SORU: (MURAT ÇİÇEK) Tahıl koridoruyla ilgili olarak Rusya'nın gemilerine hem garanti verilmemesi hem el konulması durumundan dolayı Rus gemileri kendi tahıllarını, tahılla beraber gübreyi de çıkartamıyor. En önemli meselelerden bir tanesi de bu. Avrupa Birliği yasaklamış, ambargo koymuş ama gübre meselesinde özellikle kendilerine alıyorlar. Asya, Afrika, Latin, Amerika ülkelerine hala yasak devam ediyor. Bu kapsamda Rusya'yla özellikle bu gönderilemeyen bölgelere -tahıldan bahsettiniz ama- gübrenin de gönderilmesi söz konusu olabilecek mi?

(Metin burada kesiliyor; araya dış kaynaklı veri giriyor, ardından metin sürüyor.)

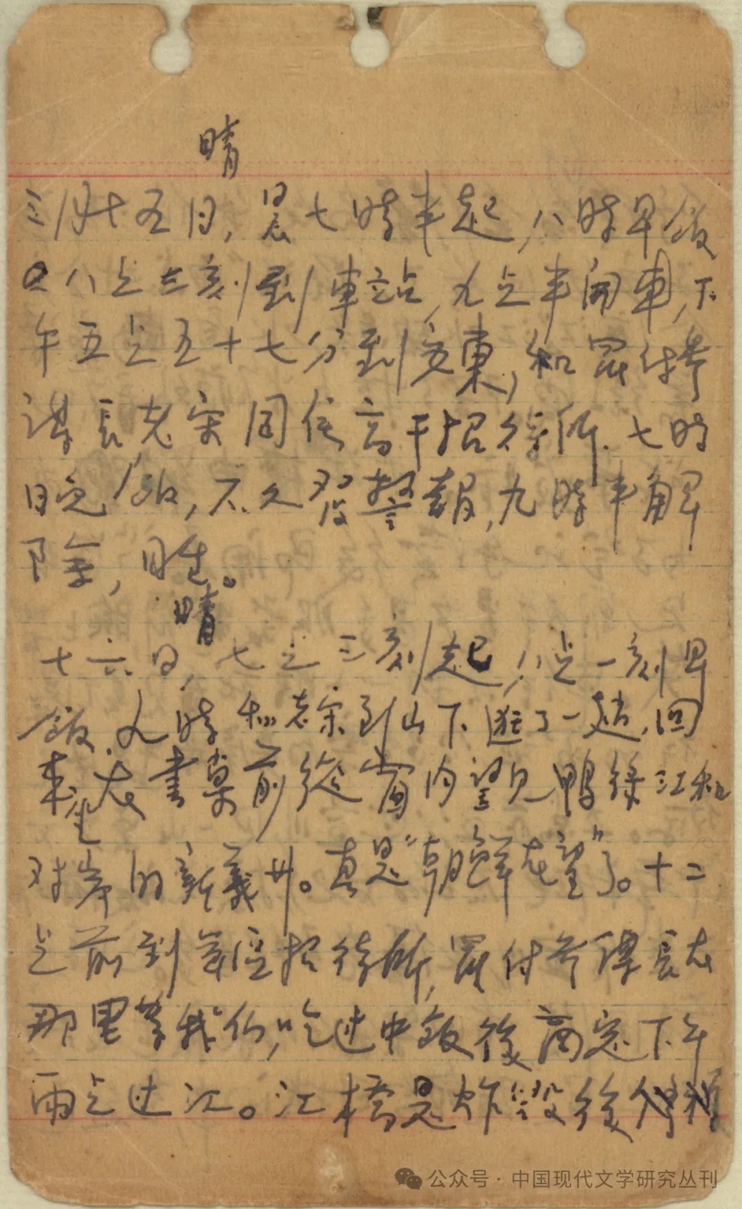 巴金《赴朝日記》1952年7月2日日記手稿及抄稿

Tabii gerek Rusya'dan gerek Ukrayna'dan gelen her türlü ürün -bu tahıl ürünü olabilir, gübre olabilir- bunların hepsi için biz ilgili ülkeyle muhakkak müzakereleri, görüşmeleri yapıyoruz. Gerek Dışişleri gerek ilgili bakanlar olsun, hepsi muhataplarıyla da görüşmek suretiyle adımlarımızı buna göre atıyoruz. Şu ana kadar adımları böyle karşılıklı müzakereyle, istişareyle attığımız için de henüz böyle ciddi bir falso ortaya çıkmadı. Sayın Putin'le burada yaptığımız görüşmede de bu sürecin aynı ihtiyatla sürdürülmesi konusunda mutabık kaldık.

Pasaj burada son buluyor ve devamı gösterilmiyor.